§ Problem to solve:
Transcribe the listing below word for word but skip its images.

[Start of Attachment]

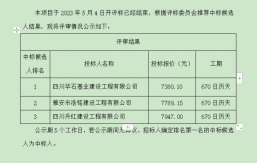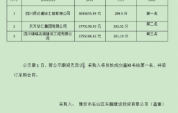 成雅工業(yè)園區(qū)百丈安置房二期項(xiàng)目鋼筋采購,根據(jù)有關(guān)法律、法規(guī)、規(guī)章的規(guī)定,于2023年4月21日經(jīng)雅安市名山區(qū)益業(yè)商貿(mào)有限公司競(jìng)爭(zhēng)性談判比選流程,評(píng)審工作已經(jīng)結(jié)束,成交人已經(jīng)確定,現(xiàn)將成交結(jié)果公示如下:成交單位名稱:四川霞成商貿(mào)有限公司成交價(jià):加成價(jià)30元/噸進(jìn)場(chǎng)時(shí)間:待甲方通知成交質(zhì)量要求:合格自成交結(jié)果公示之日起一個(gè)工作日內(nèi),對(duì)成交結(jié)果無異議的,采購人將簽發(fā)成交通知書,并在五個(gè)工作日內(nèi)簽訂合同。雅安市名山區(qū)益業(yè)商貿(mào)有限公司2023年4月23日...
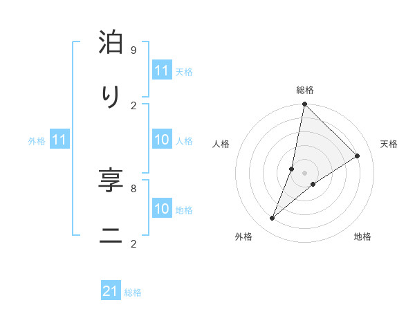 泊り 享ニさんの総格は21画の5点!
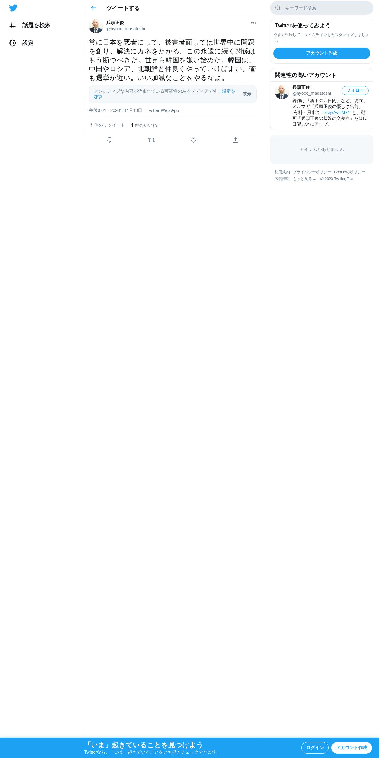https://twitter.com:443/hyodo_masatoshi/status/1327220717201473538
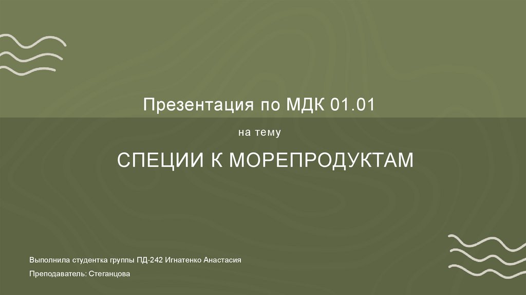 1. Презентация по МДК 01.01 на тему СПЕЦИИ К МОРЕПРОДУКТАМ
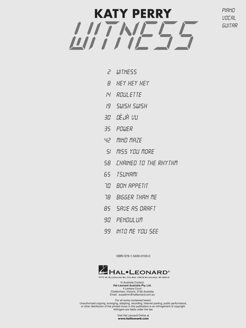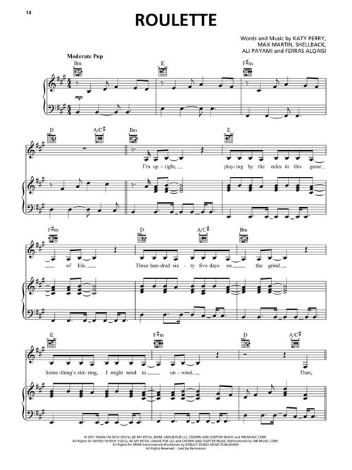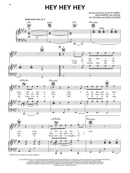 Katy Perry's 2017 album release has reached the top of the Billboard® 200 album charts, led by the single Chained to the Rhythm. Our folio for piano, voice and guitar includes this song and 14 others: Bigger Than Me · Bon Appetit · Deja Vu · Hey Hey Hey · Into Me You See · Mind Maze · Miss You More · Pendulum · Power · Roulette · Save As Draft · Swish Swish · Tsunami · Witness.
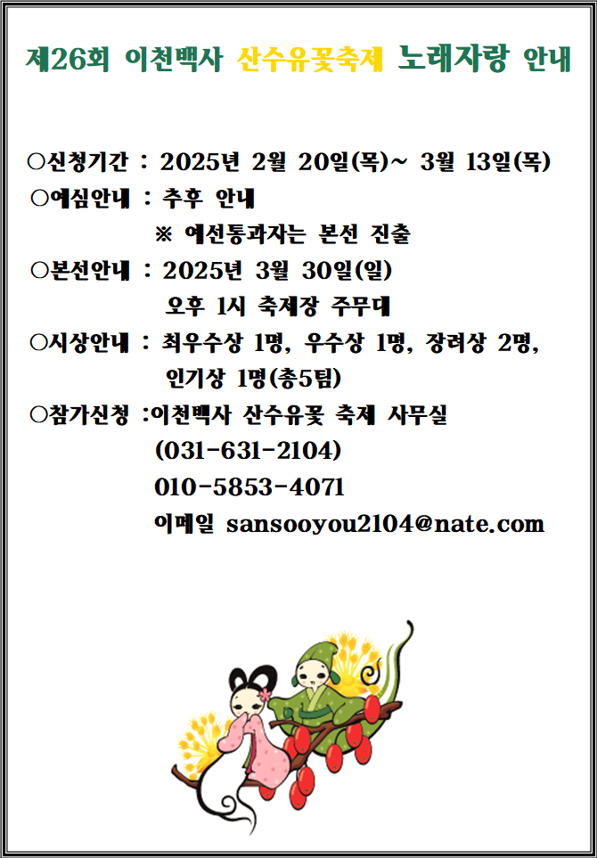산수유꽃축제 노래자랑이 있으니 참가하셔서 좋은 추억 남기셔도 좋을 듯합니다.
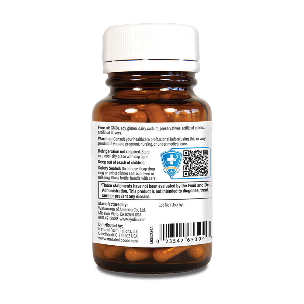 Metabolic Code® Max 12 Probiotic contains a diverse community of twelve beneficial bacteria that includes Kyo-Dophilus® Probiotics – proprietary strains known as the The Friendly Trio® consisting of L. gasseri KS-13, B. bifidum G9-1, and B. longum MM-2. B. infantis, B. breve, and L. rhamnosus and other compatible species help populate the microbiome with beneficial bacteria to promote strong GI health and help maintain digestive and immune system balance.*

[End of Attachment]

§ Your response:
 成雅工業(yè)園區(qū)百丈安置房二期項(xiàng)目鋼筋采購,根據(jù)有關(guān)法律、法規(guī)、規(guī)章的規(guī)定,于2023年4月21日經(jīng)雅安市名山區(qū)益業(yè)商貿(mào)有限公司競(jìng)爭(zhēng)性談判比選流程,評(píng)審工作已經(jīng)結(jié)束,成交人已經(jīng)確定,現(xiàn)將成交結(jié)果公示如下:成交單位名稱:四川霞成商貿(mào)有限公司成交價(jià):加成價(jià)30元/噸進(jìn)場(chǎng)時(shí)間:待甲方通知成交質(zhì)量要求:合格自成交結(jié)果公示之日起一個(gè)工作日內(nèi),對(duì)成交結(jié)果無異議的,采購人將簽發(fā)成交通知書,并在五個(gè)工作日內(nèi)簽訂合同。雅安市名山區(qū)益業(yè)商貿(mào)有限公司2023年4月23日...
 泊り 享ニさんの総格は21画の5点!
https://twitter.com:443/hyodo_masatoshi/status/1327220717201473538
 1. Презентация по МДК 01.01 на тему СПЕЦИИ К МОРЕПРОДУКТАМ
 Katy Perry's 2017 album release has reached the top of the Billboard® 200 album charts, led by the single Chained to the Rhythm. Our folio for piano, voice and guitar includes this song and 14 others: Bigger Than Me · Bon Appetit · Deja Vu · Hey Hey Hey · Into Me You See · Mind Maze · Miss You More · Pendulum · Power · Roulette · Save As Draft · Swish Swish · Tsunami · Witness.
산수유꽃축제 노래자랑이 있으니 참가하셔서 좋은 추억 남기셔도 좋을 듯합니다.
 Metabolic Code® Max 12 Probiotic contains a diverse community of twelve beneficial bacteria that includes Kyo-Dophilus® Probiotics – proprietary strains known as the The Friendly Trio® consisting of L. gasseri KS-13, B. bifidum G9-1, and B. longum MM-2. B. infantis, B. breve, and L. rhamnosus and other compatible species help populate the microbiome with beneficial bacteria to promote strong GI health and help maintain digestive and immune system balance.*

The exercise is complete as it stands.